REQUIRED WORK:
Give back the full listing as written. No pictures go with it.

GIVEN DATA:
- Opening Delimiter -
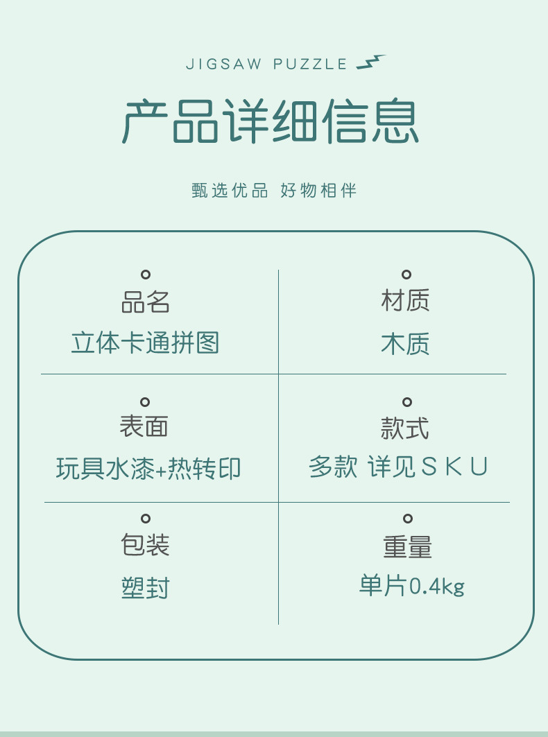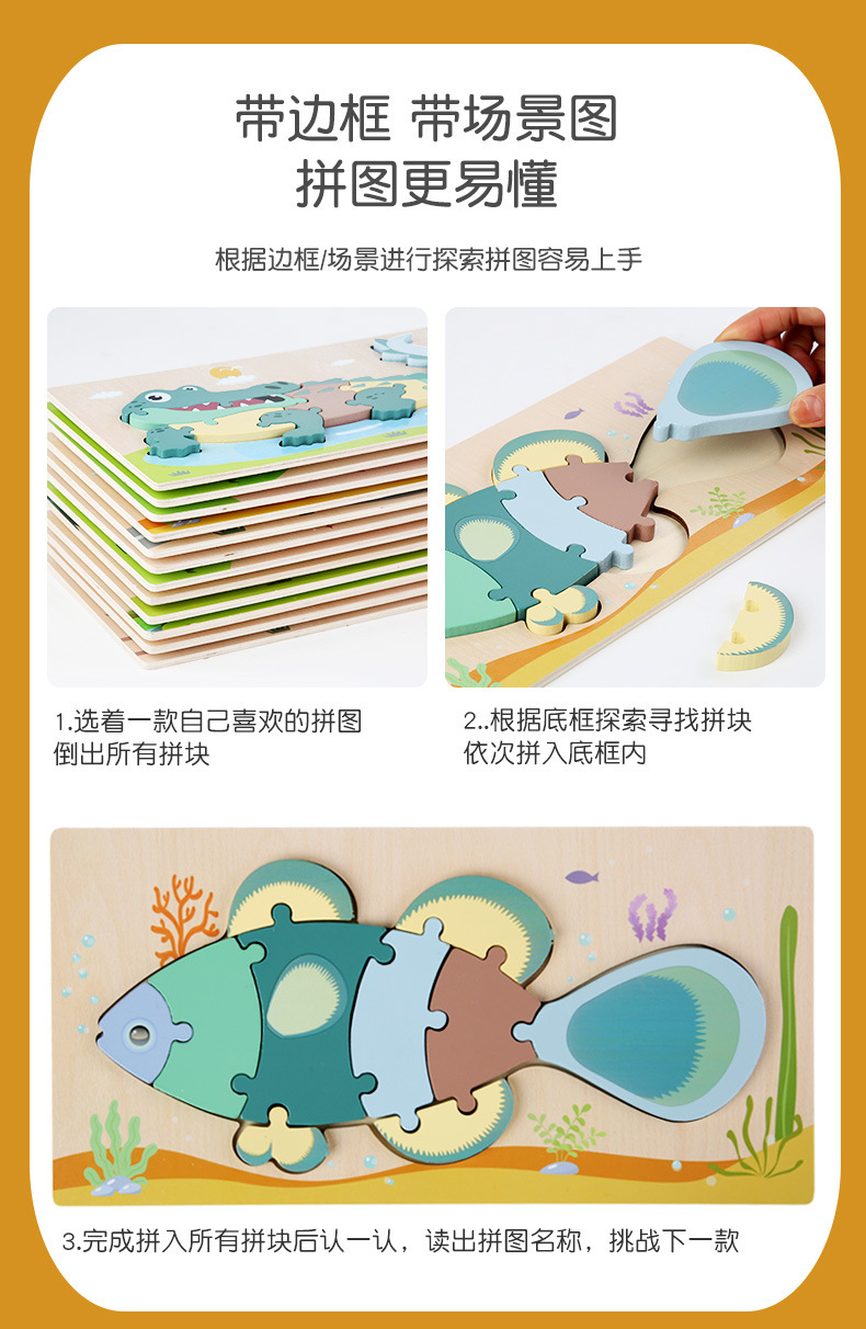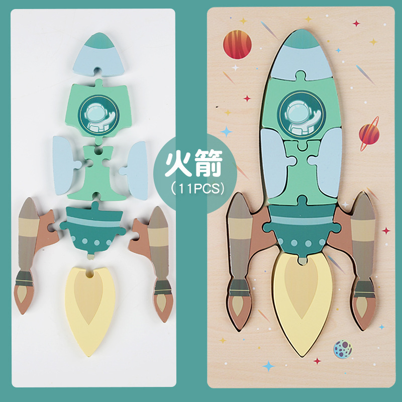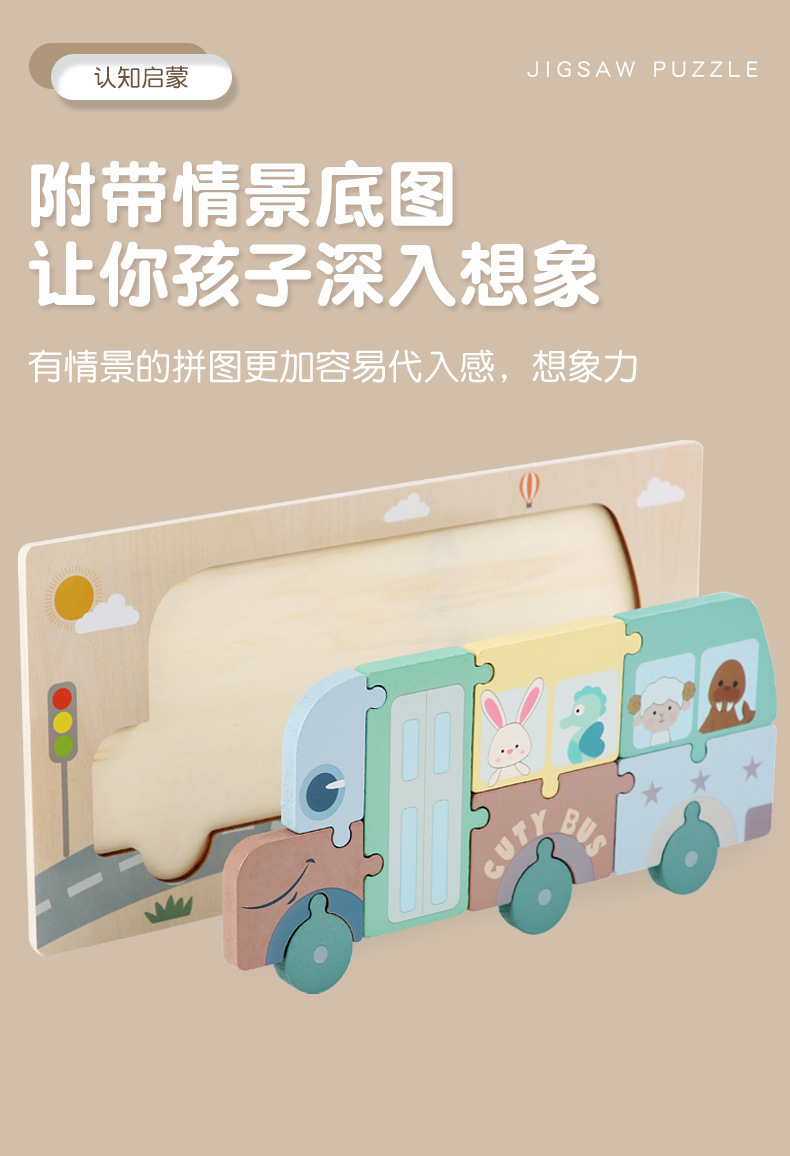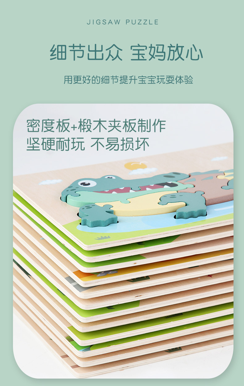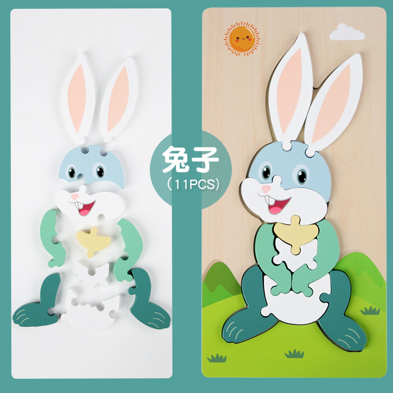 어린이 나무 입체 퍼즐 3D 만화 대형 재미있는 조기 교육 퍼즐 모양 일치 교육 장난감 사용자 정의스토어 가기
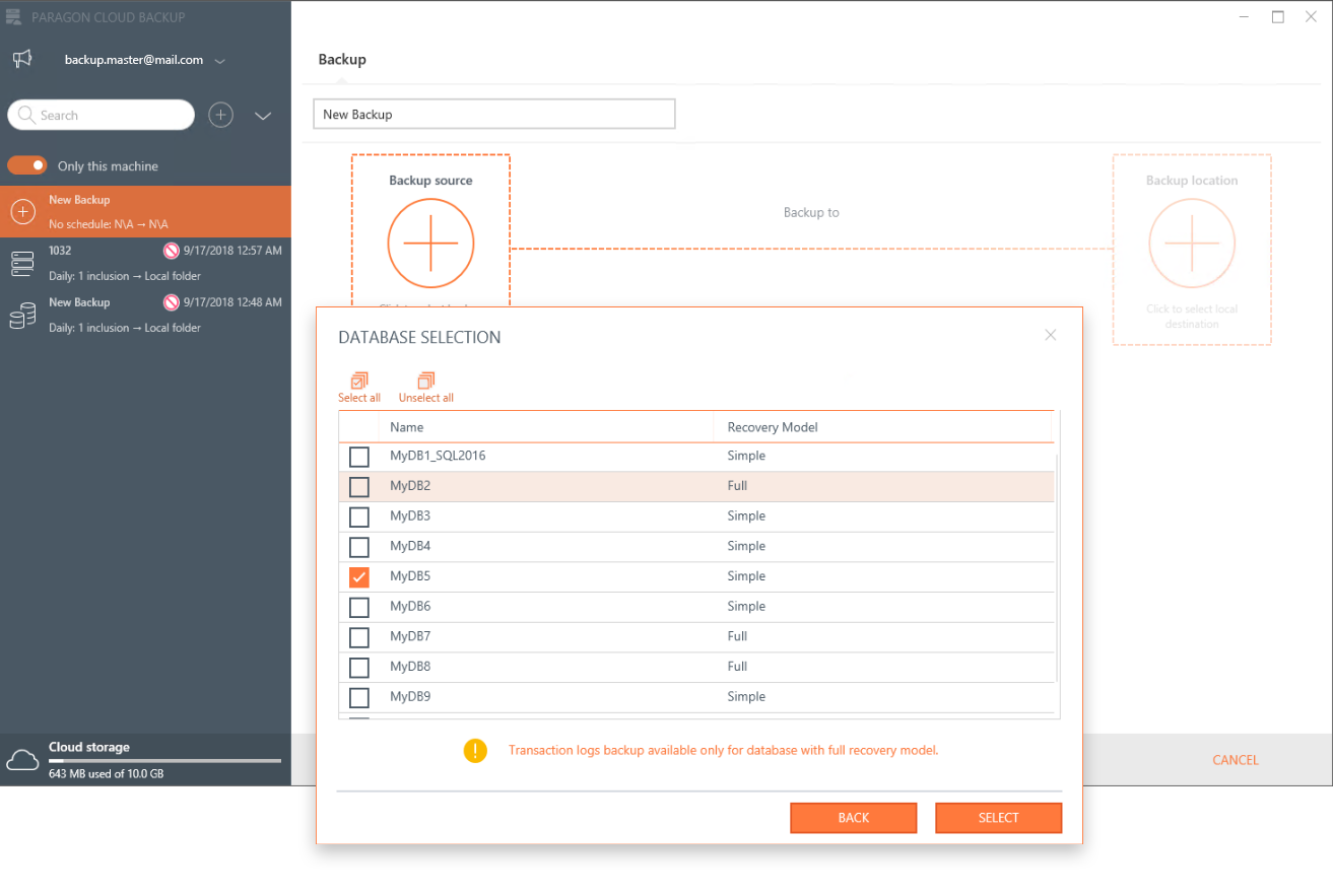 Paragon Backup for Microsoft SQL gives you options:
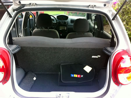 El habitáculo está bien logrado, y dentro de él, se pueden ubicar 4 adultos de estatura media o cinco si son delgados o niños. Todos cuentan con cinturón de seguridad. El espacio para carga como es de esperar es reducido, sólo 200 litros, aunque si se desea ampliar con sólo plegar la silla posterior aumenta esta importante área llegando a 845 litros.
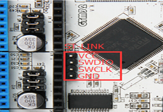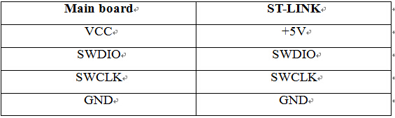 3)Use the ST-LINK to connect GTM32 to the PC. The wirings for the ST-LINK is as the picture shows:
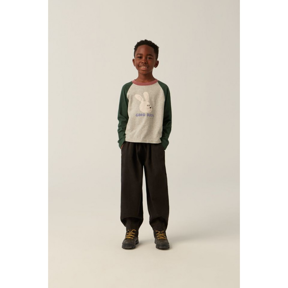 With an oversized fit and color block sleeves, this t-shirt features a print of a bunny having a good day. With long sleeves and rounded neck it is the perfect garment to wear all winter. Tshirt with long sleeves and oversized fit. Rounded neck with rib quality for added comfort. Jersey 100% organic cotton GOTS. Made in Portugal.
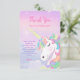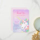 Illustration de licorne arc-en-ciel pastel avec un fond de lavis d'aquarelle et une illustration de nuage délicat. Cette mise en page fantaisiste de conte de fées présente une typographie élégante et des teintes pastel rêveuses, parfaites pour une célébration d'anniversaire de fille magique.
- Closing Delimiter -
EXERCISE OUTPUT:
 어린이 나무 입체 퍼즐 3D 만화 대형 재미있는 조기 교육 퍼즐 모양 일치 교육 장난감 사용자 정의스토어 가기
 Paragon Backup for Microsoft SQL gives you options:
 El habitáculo está bien logrado, y dentro de él, se pueden ubicar 4 adultos de estatura media o cinco si son delgados o niños. Todos cuentan con cinturón de seguridad. El espacio para carga como es de esperar es reducido, sólo 200 litros, aunque si se desea ampliar con sólo plegar la silla posterior aumenta esta importante área llegando a 845 litros.
 3)Use the ST-LINK to connect GTM32 to the PC. The wirings for the ST-LINK is as the picture shows:
 With an oversized fit and color block sleeves, this t-shirt features a print of a bunny having a good day. With long sleeves and rounded neck it is the perfect garment to wear all winter. Tshirt with long sleeves and oversized fit. Rounded neck with rib quality for added comfort. Jersey 100% organic cotton GOTS. Made in Portugal.
 Illustration de licorne arc-en-ciel pastel avec un fond de lavis d'aquarelle et une illustration de nuage délicat. Cette mise en page fantaisiste de conte de fées présente une typographie élégante et des teintes pastel rêveuses, parfaites pour une célébration d'anniversaire de fille magique.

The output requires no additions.